The Barcelona Open is an annual professional tennis ATP 500 tournament on the ATP Tour. The event was renamed Barcelona Open Banc Sabadell in 2008. It is played at the Real Club de Tenis Barcelona, Barcelona, Spain, on clay courts.

==History==
The Barcelona Open was founded in 1953 as a combined men's and women's tournament until 1980. The tournament was created at the initiative of Carlos Godó Valls, 2nd Count of Godó, after the tennis club moved to its new location in Pedralbes, a neighborhood in Les Corts district of Barcelona, and is commonly known as the Barcelona Open Banco Sabadell - Trofeo Conde de Godó (Count of Godó Trophy).
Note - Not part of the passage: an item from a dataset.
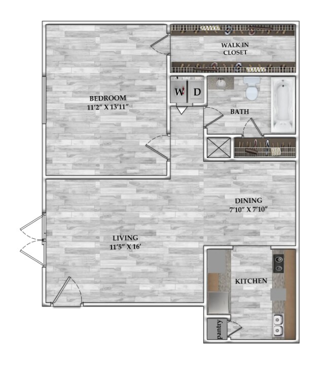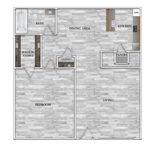 Modelo de apartamento: 1x1 527 SF1 Dormitorio, 1 Baño, 527 sq ftDisponible December 16, 2025![]()

Vic Seixas won the first singles title as well as the doubles title, partnering Enrique Morea. It was an event of the Grand Prix tennis circuit from 1970 until 1989, except in 1971 when it was part of the World Championship Tennis (WCT) circuit, but also open to non-WCT players.

It is Spain's second most prestigious tournament on the ATP Tour after the Madrid Open and the event generally takes place in the last week of April, when temperatures in Barcelona average a daily high of 19 C.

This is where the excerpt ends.